- Directed by: Dagur Kári
- Written by: Dagur Kári
- Produced by: Philippe Bober
- Starring: Tómas Lemarquis Þröstur Leó Gunnarsson Elín Hansdóttir
- Distributed by: Palm Pictures
- Release date: January 24, 2003;
- Running time: 90 minutes
- Country: Iceland
- Language: Icelandic
- Budget: €1,100,000
- Box office: $1,317,132

= Noi the Albino =

2003 film by Dagur Kári

Noi the Albino (Nói albinói; ) is an Icelandic film by director Dagur Kári released in 2003. The film explores the life of teenage outsider Nói (played by Tómas Lemarquis) in a remote fishing village in western Iceland. It won multiple awards.

Nói albinói was filmed in Bolungarvik (pop. 957), a fishing village in the far northwest of Iceland, located on the Westfjords peninsula.

The moody original musical score is from the director's band, Slowblow.

The Los Angeles Times' Kenneth Turan called the movie "singular enough to have swept the Eddas, the Icelandic Academy Awards" and noted that it was a selection in "dozens of film festivals." Skye Sherwin of the BBC called it "a coming-of-age tale, bound between grinding humdrum and exquisite surrealism."

== Plot ==

Nói Kristmundsson is a 17-year-old living in a remote fishing village in western Iceland with his grandmother Lína (Anna Friðriksdóttir). His father Kiddi (Þröstur Leó Gunnarsson), an alcoholic taxi driver, also lives in town, but Nói appears to have a distant relationship with him. Nói has alopecia totalis which marks him out from others in the village. Much of his time is spent either wandering the desolate town, at the town bookstore, or in a hidden cellar at his grandmother's house, which serves as his private sanctuary. There are signs that Nói is highly intelligent, but he is uninterested in school and has an adversarial relationship with his teachers. He often cuts class to go to the local gas station, where he rigs the slot machine to win money. The bleak town seem to offer few prospects for the future, and Nói doesn't seem to fit in there.

Things begin to change for Nói when he encounters the new gas station attendant, an attractive young woman who is new to the village. Óskar (Hjalti Rögnvaldsson) the bookstore owner informs him that she is his daughter Íris (Elín Hansdóttir), and asks him to stay away from her. Nói instead begins a tentative romance with Íris. One night they break into the local natural history museum. Hide from the nightwatchman in a storage closet, they discover a light-up map of the world. Íris suggests that they run away together. Nói asks where, and Íris suggests he press a button on the map and the Hawaiian Islands light up. This is when Nói begins to dream of leaving the village and Iceland altogether. He receives a View-Master as an 18th birthday present from his grandmother, which comes with slide disc of tropical island images. He is transfixed by an image of a tropical beach, the total opposite of his surroundings.

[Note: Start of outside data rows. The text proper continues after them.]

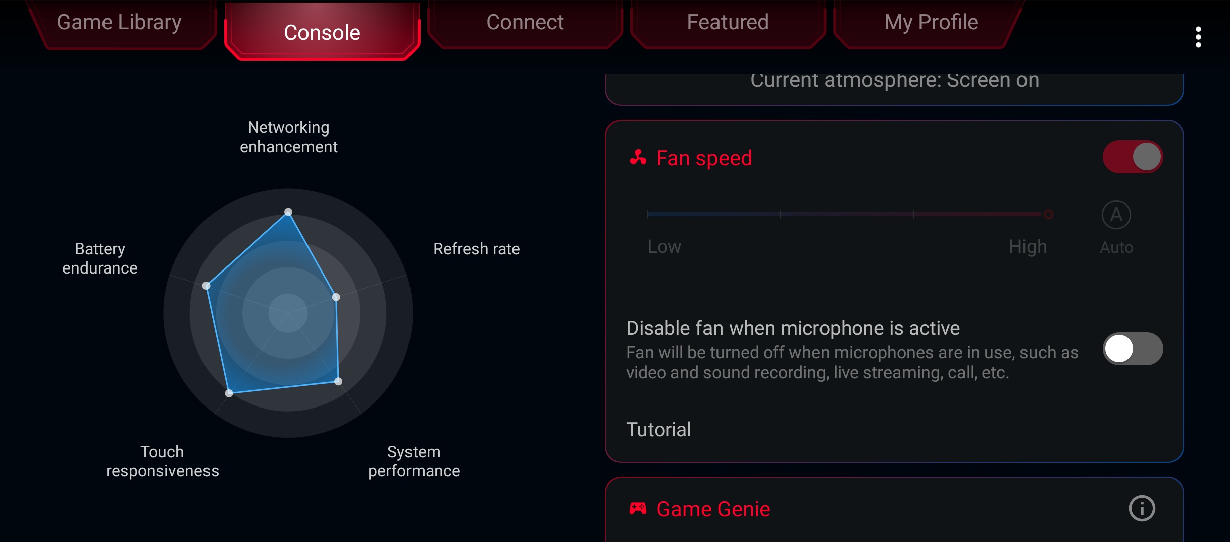 Game Genie se află și el aici și aduce o mulțime de opțiuni pentru gaming. Putem face capturi in-game, dar și streaming pe YouTube sau Twitch. Putem activa modul DND, face key mapping, optimizări și schimba facil iluminarea logo-ului de pe spate și viteza ventilatorului atașat. Avem profiluri pentru fiecare joc, iar butoanele trigger laterale pot fi mapate cu ușurință. Interfața are acum sunete specifice, SF, dar și o ușoară muzică de fundal.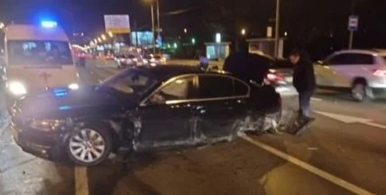 Как сообщают очевидцы, авария произошла по вине водителя "Таврии", его вынесло на выделенную полосу, где он столкнулся с правительственным BMW, после чего его отбросило на соседнюю полосу, где он столкнулся с водителем Nissan
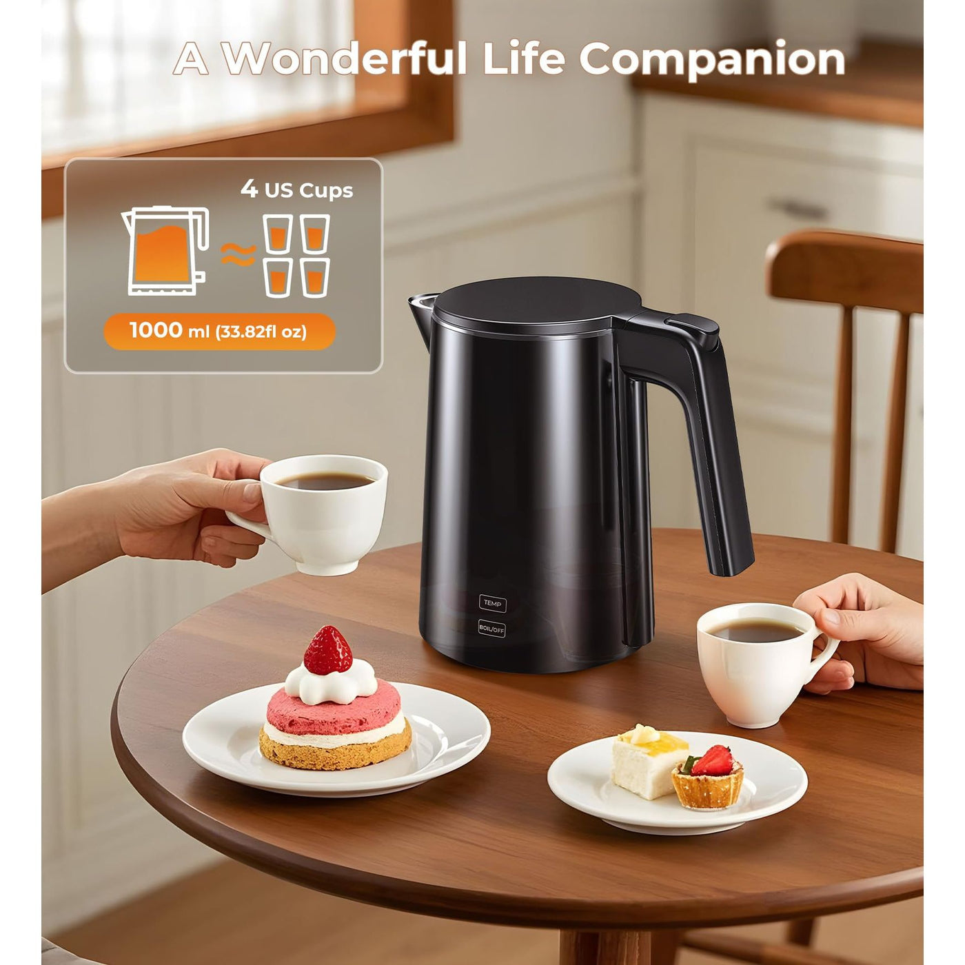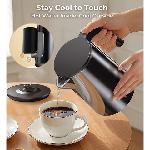 - 【Stay Warm, Stay Safe】This electric tea kettle’s 4-hour keep-warm function means your water stays ready for refills or second cups. The stainless steel interior ensures durability, while the PP outer layer and cool-touch surface prevent burns, making this tea kettle safe to use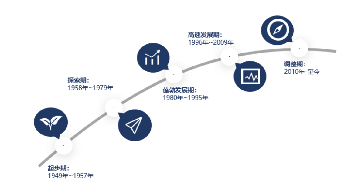 中国水泥行业始于 1949 年,经历了 40 多年发展,已由传统小型立窑的制造工艺发展为新型干法水泥生产技术,同时也实现了产品质量的提升,目前已进入行业调整期。中国水泥行业由起步到现在可大致划分为五个发展阶段: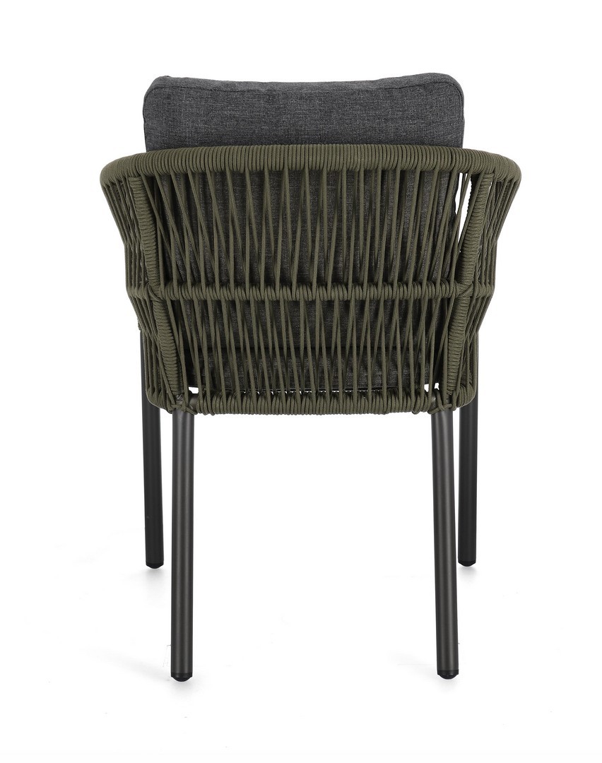 Konštrukcia z hliníka s práškovou povrchovou úpravou (polyester). Výplet na vonkajšie použitie z polyesterového lana. Odnímateľné vankúše zo 100 % vodoodpudivého polyesteru.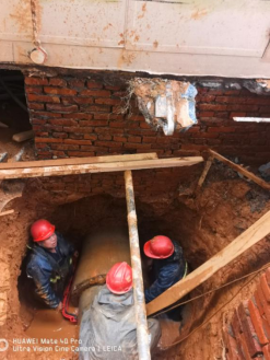 爆管发生后,市自来水公司紧急调动专业抢修人员,并与电力、社区等部门密切配合,全力投入抢修工作。由于爆管位置复杂,施工环境恶劣,作业地点位于电力局三座变电厢下方,开挖空间极为有限,维修队伍只得采用人工开挖方式进行抢修。为确保安全,维修人员除与电力部门密切配合外,还需使用吊车稳固变压器,一方面防止设备和人员发生意外,另一方面减少地面承压以防止发生大面积塌方。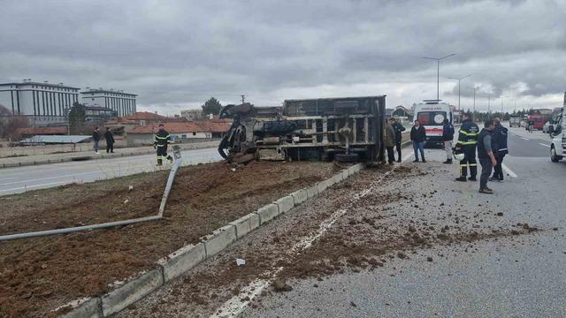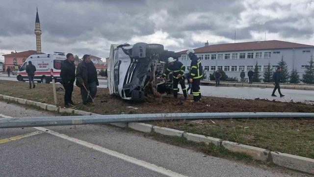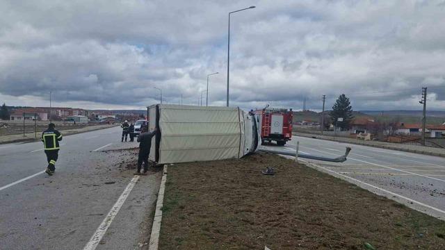 Çorum’da devrilen kamyonetteki 3 kişi küçük sıyrıklarla kurtuldu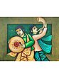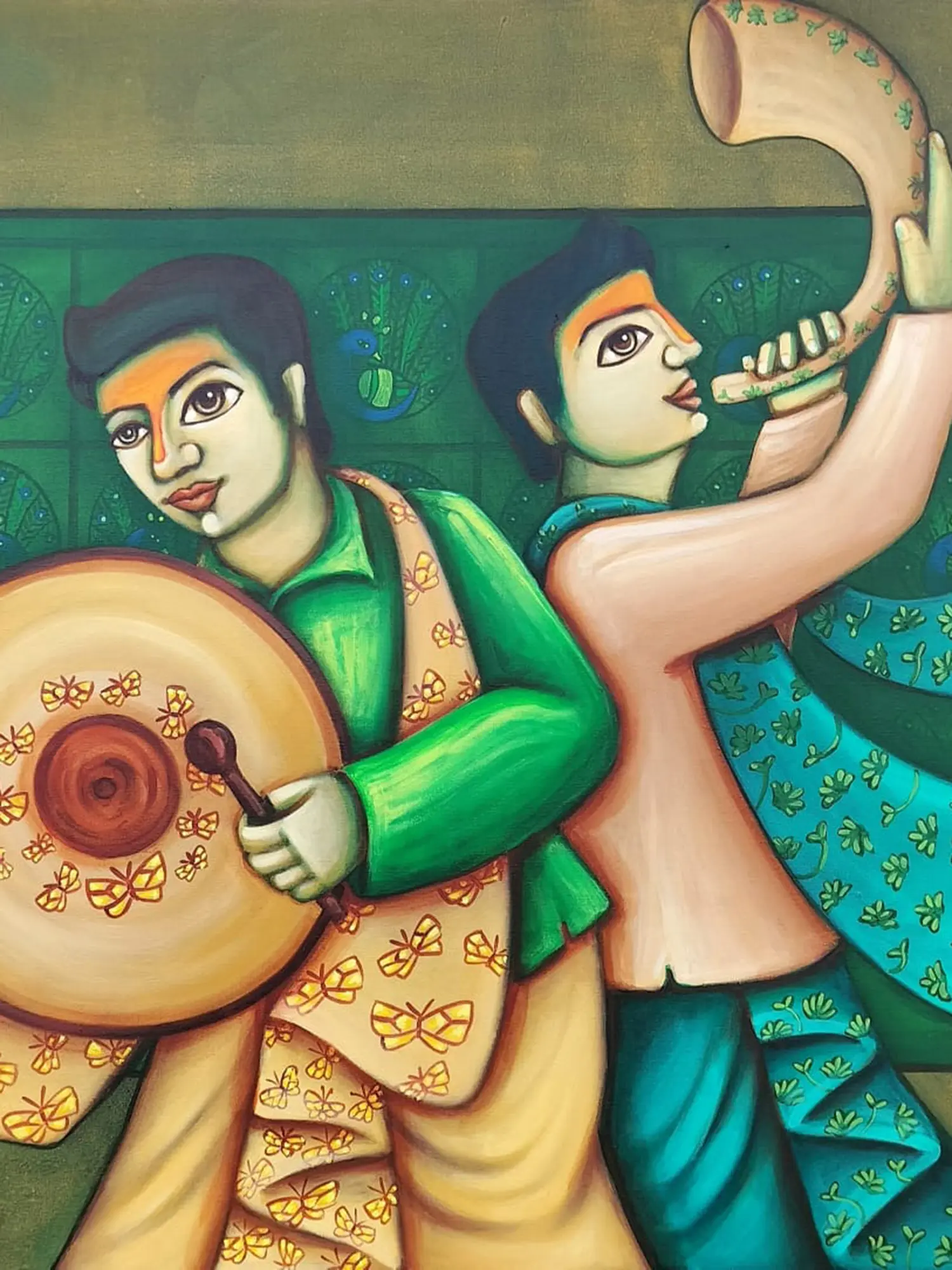 This captivating canvas presents a vibrant scene, capturing the essence of joyous celebration. Two musicians are rendered with a unique artistic flair, their forms stylized and imbued with a folk-art sensibility. The artist employs a rich palette of colors, each stroke contributing to the overall feeling of exuberance. The painting seems to pulse with the energy of the music it depicts, inviting the viewer to partake in the merrymaking. The background, adorned with stylized peacock feathers, adds a layer of cultural richness and symbolic depth. The overall effect is one of infectious happiness, a visual representation of pure, unadulterated joy.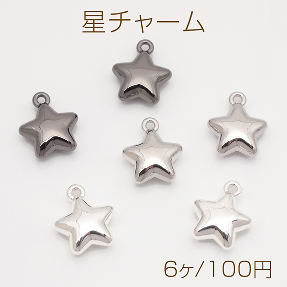 星チャーム メタリック 星 スター 可愛い 立体 宇宙チャーム メタルチャーム 約12×14mm(6ヶ)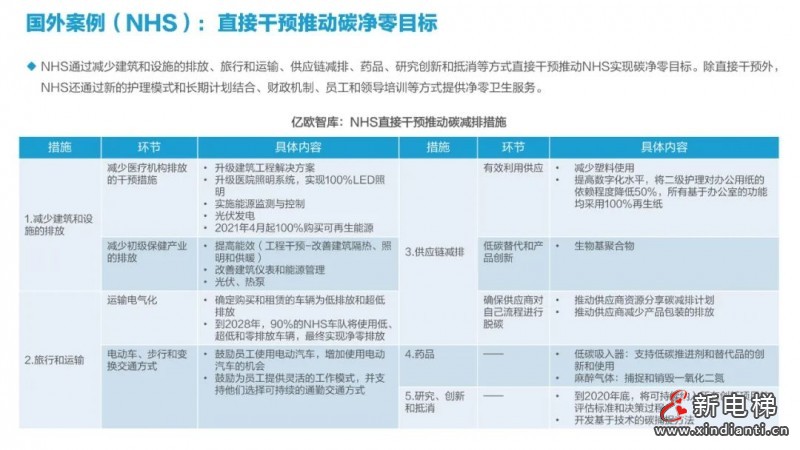 英國國家醫(yī)療服務體系(National health Service, NHS)自上而下推動英國醫(yī)療體系碳減排,打造零碳組織。NHS提出到2040年實現(xiàn)凈零排放,并雄心勃勃地表示在2028-2032年實現(xiàn)80%的減排。在碳減排具體措施方面,NHS通過減少建筑和設施的排放、旅行和運輸、供應鏈減排、藥品、研究創(chuàng)新和抵消等方式直接干預推動NHS實現(xiàn)碳凈零目標。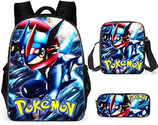 ZTFay Anime Pokémon Pikachu garçons Filles école Sac à Dos Sac à bandoulière boîte à Lunch Crayon Sac 3 pièces Ensemble Cadeaux de noël pour Enfants Filles garçons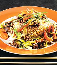 Renskavswok med enbär och fullkornsris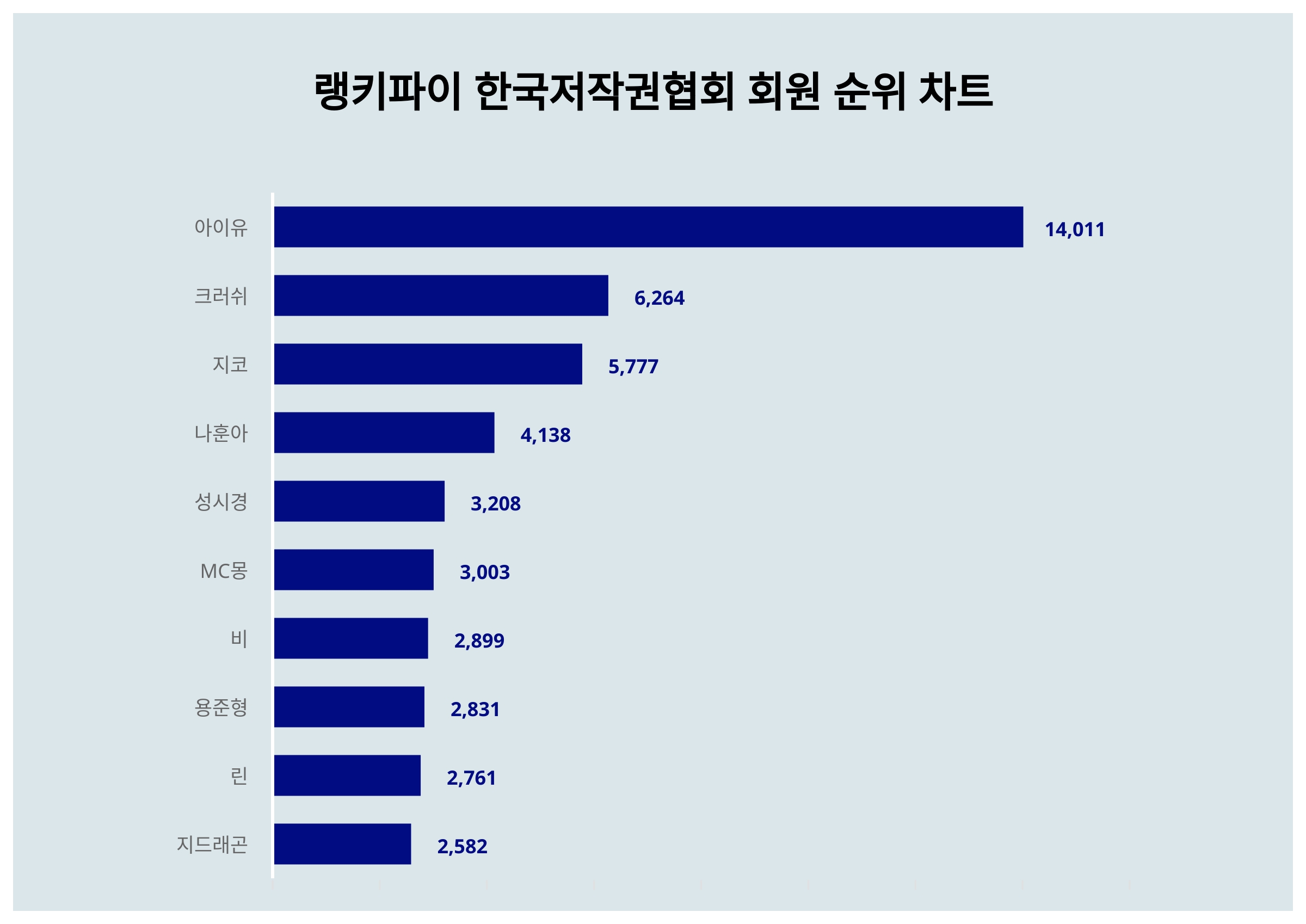 | 1 | 아이유 | 14,011 | 12,874 | 1,137 | 8.8% |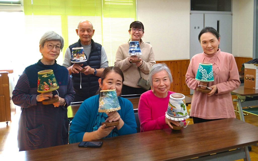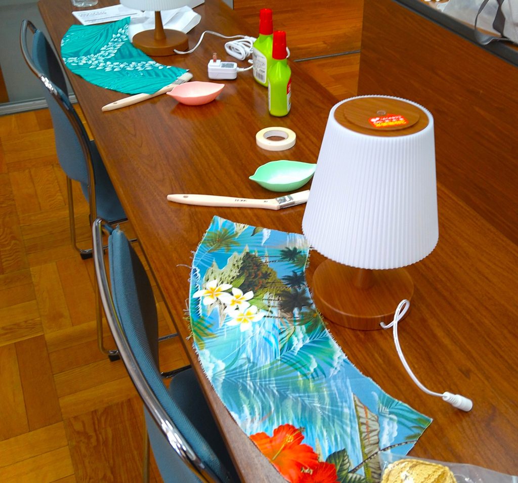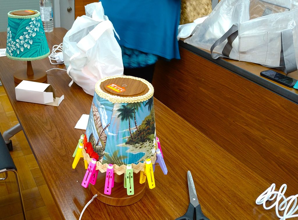 Alohaな雰囲気に囲まれて、皆さん素敵なランプシェードが仕上がりました。

One day at school, he is asked by the principal to meet with a specialist. Nói responds sarcastically to his questions while solving a Rubik's Cube. Later, Nói uses a tape recorder to take his place in math class, which enrages the teacher. The principal is forced to expel Nόi after the teacher gives the ultimatum that either Nόi goes or he will resign. Nόi angrily leaves the school, knowing that his father will be upset with him. He tells him, and an altercation between them results. Afterwards his father takes him out to a local bar, where he is kicked out. He goes to Óskar's house in search of ĺris. Óskar tells him he's sent her back, but Íris appears, insisting that Nói stay the night, over Óskar's objections.

His grandmother goes to a local fortune teller, Gylfi (Kjartan Bjargmundsson), and requests that he read Nói's future. Nói is working as a grave digger at this time, and goes to see Gylfi on a lunch break. After reading the tea leaves, Gylfi informs Nói that his future is filled with death, which Nói does not believe. Nói attempts to rob a bank with his grandmother's shotgun, but is thwarted when the bank teller doesn't take him seriously and has the gun taken out of his hands by the bank manager. He comes back inside the bank thoroughly humiliated and withdraws all of the money in his account, using it to buy a nice suit. He then steals a car, intending to run away with Íris. She is confused by his arrival and Nói leaves. His car gets stuck in the snow, and he is quickly apprehended by the police. His father bails him out of jail.

Nói arrives home and descends into his cellar sanctuary. Suddenly, the earth shudders violently, and Nói is trapped. He is eventually awoken by the door above him being ripped open. He discovers that there was an avalanche, which has destroyed the house and killed his grandmother and father. At a rescue shelter, he watches the news and discovers that nearly everyone he knows has been killed in the avalanche, including Íris. He later returns to the rubble of his grandmother's house to retrieve the View-Master. The movie ends with Nói looking at the tropical beach scene slide as it slowly becomes a vision of a real tropical beach.

== DVD details ==

MPAA: Rated PG-13 for language and brief nudity.

Runtime: France: 82 min; Iceland: 93 min; Netherlands (Rotterdam Film Festival): 90 min; Netherlands: 95 min; Sweden: 89 min; USA: 93 min

DVD Features
- Deleted scenes
- Making of featurette
- US theatrical trailer

The extras on the DVD reveal that the director prefers amateur actors and ambiguity. He was not at all trying to portray real life in the village; he was trying to tell a fantasy story about an alien.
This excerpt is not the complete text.